* **DIRECTIONS**: Make an exact copy of the listing so that no picture is carried over.

* **EXERCISE DATA**:

◇ ◇ ◇ ◇

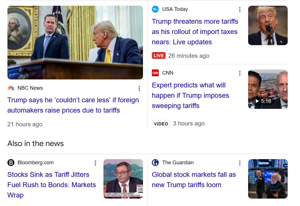 Trump’s Tariff Madness - Here is how Politico is playing it this morning in their new article, World braces for Trump’s ‘Liberation Day’
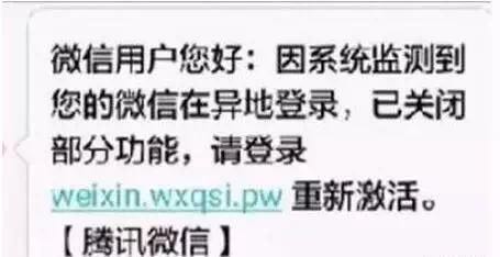 #最新詐騙手法#【收到微信帳號(hào)異地登錄短信時(shí)要警惕!】近期很多人收到這樣的短信:“微信用戶您好:因系統(tǒng)監(jiān)測(cè)到您的已微信在異地登錄,并已關(guān)閉部分功能,請(qǐng)登錄weixin.wxqsi.pw重新激活。【騰訊微信】”。廳哥提醒:這其實(shí)是一個(gè)由偽基站發(fā)來(lái)的詐騙短信,一旦打開(kāi)鏈接,很有可能被誘導(dǎo)輸入微信帳號(hào)、微信密碼、支付密碼、驗(yàn)證碼等,后果不堪設(shè)想……
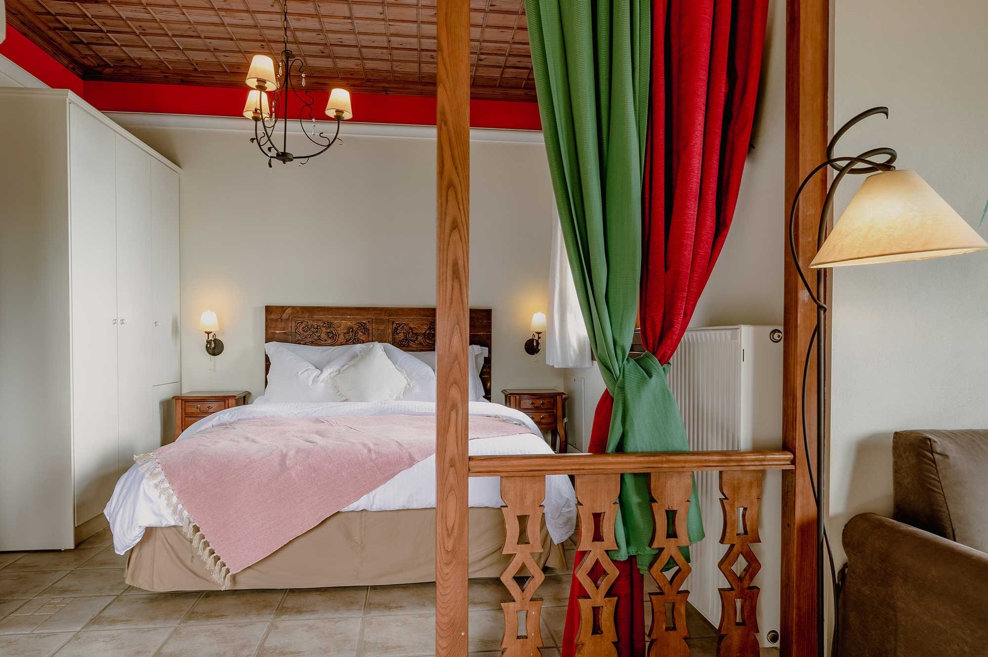 Η αυτόνομη πολυτελής κατοικία ‘’Ζουμπούλια’’ βρίσκεται στο δεύτερο επίπεδο. Διαθέτει συνολική εσωτερική επιφάνεια 45m2 και αποτελείται από έναν ενιαίο χώρο κουζίνας, σαλονιού και κρεβατοκάμαρας. Η μέγιστη χωρητικότητα του διαμερίσματος είναι τέσσερα άτομα καθότι πέρα από το διπλό κρεβάτι διαθέτει καναπέ ο οποίος ανοίγει και διαμορφώνεται σε δυο μονά άνετα κρεβάτια. Η κουζίνα είναι πλήρως εξοπλισμένη και παρέχει όλα τα απαραίτητα μαγειρικά και ηλεκτρικά σκεύη. Στο διαμέρισμα κυριαρχούν πράσινες και κόκκινες αποχρώσεις. Κύριο χαρακτηριστικό της κατοικίας αποτελούν τα καλαίσθητα ξύλινα κάγκελα (οντάδες) που έχουν τοποθετηθεί στην κρεβατοκάμαρα, η σκαλιστή ζωγραφιά στο ξύλινο κεφαλάρι με λουλούδια της περιοχής, το ξύλινο ταβάνι ζωγραφισμένο στο χέρι, καθώς και το τζάκι με την χειροποίητη κεραμική ποδιά. Τέλος, η κατοικία διαθέτει ιδιωτικό ευρύχωρο μπαλκόνι με υπέροχη πανοραμική θέα στον Παγασητικό κόλπο και στο ειδυλλιακό ηλιοβασίλεμα.

◇ ◇ ◇ ◇

* **EXERCISE SOLUTION**:
 Trump’s Tariff Madness - Here is how Politico is playing it this morning in their new article, World braces for Trump’s ‘Liberation Day’
 #最新詐騙手法#【收到微信帳號(hào)異地登錄短信時(shí)要警惕!】近期很多人收到這樣的短信:“微信用戶您好:因系統(tǒng)監(jiān)測(cè)到您的已微信在異地登錄,并已關(guān)閉部分功能,請(qǐng)登錄weixin.wxqsi.pw重新激活。【騰訊微信】”。廳哥提醒:這其實(shí)是一個(gè)由偽基站發(fā)來(lái)的詐騙短信,一旦打開(kāi)鏈接,很有可能被誘導(dǎo)輸入微信帳號(hào)、微信密碼、支付密碼、驗(yàn)證碼等,后果不堪設(shè)想……
 Η αυτόνομη πολυτελής κατοικία ‘’Ζουμπούλια’’ βρίσκεται στο δεύτερο επίπεδο. Διαθέτει συνολική εσωτερική επιφάνεια 45m2 και αποτελείται από έναν ενιαίο χώρο κουζίνας, σαλονιού και κρεβατοκάμαρας. Η μέγιστη χωρητικότητα του διαμερίσματος είναι τέσσερα άτομα καθότι πέρα από το διπλό κρεβάτι διαθέτει καναπέ ο οποίος ανοίγει και διαμορφώνεται σε δυο μονά άνετα κρεβάτια. Η κουζίνα είναι πλήρως εξοπλισμένη και παρέχει όλα τα απαραίτητα μαγειρικά και ηλεκτρικά σκεύη. Στο διαμέρισμα κυριαρχούν πράσινες και κόκκινες αποχρώσεις. Κύριο χαρακτηριστικό της κατοικίας αποτελούν τα καλαίσθητα ξύλινα κάγκελα (οντάδες) που έχουν τοποθετηθεί στην κρεβατοκάμαρα, η σκαλιστή ζωγραφιά στο ξύλινο κεφαλάρι με λουλούδια της περιοχής, το ξύλινο ταβάνι ζωγραφισμένο στο χέρι, καθώς και το τζάκι με την χειροποίητη κεραμική ποδιά. Τέλος, η κατοικία διαθέτει ιδιωτικό ευρύχωρο μπαλκόνι με υπέροχη πανοραμική θέα στον Παγασητικό κόλπο και στο ειδυλλιακό ηλιοβασίλεμα.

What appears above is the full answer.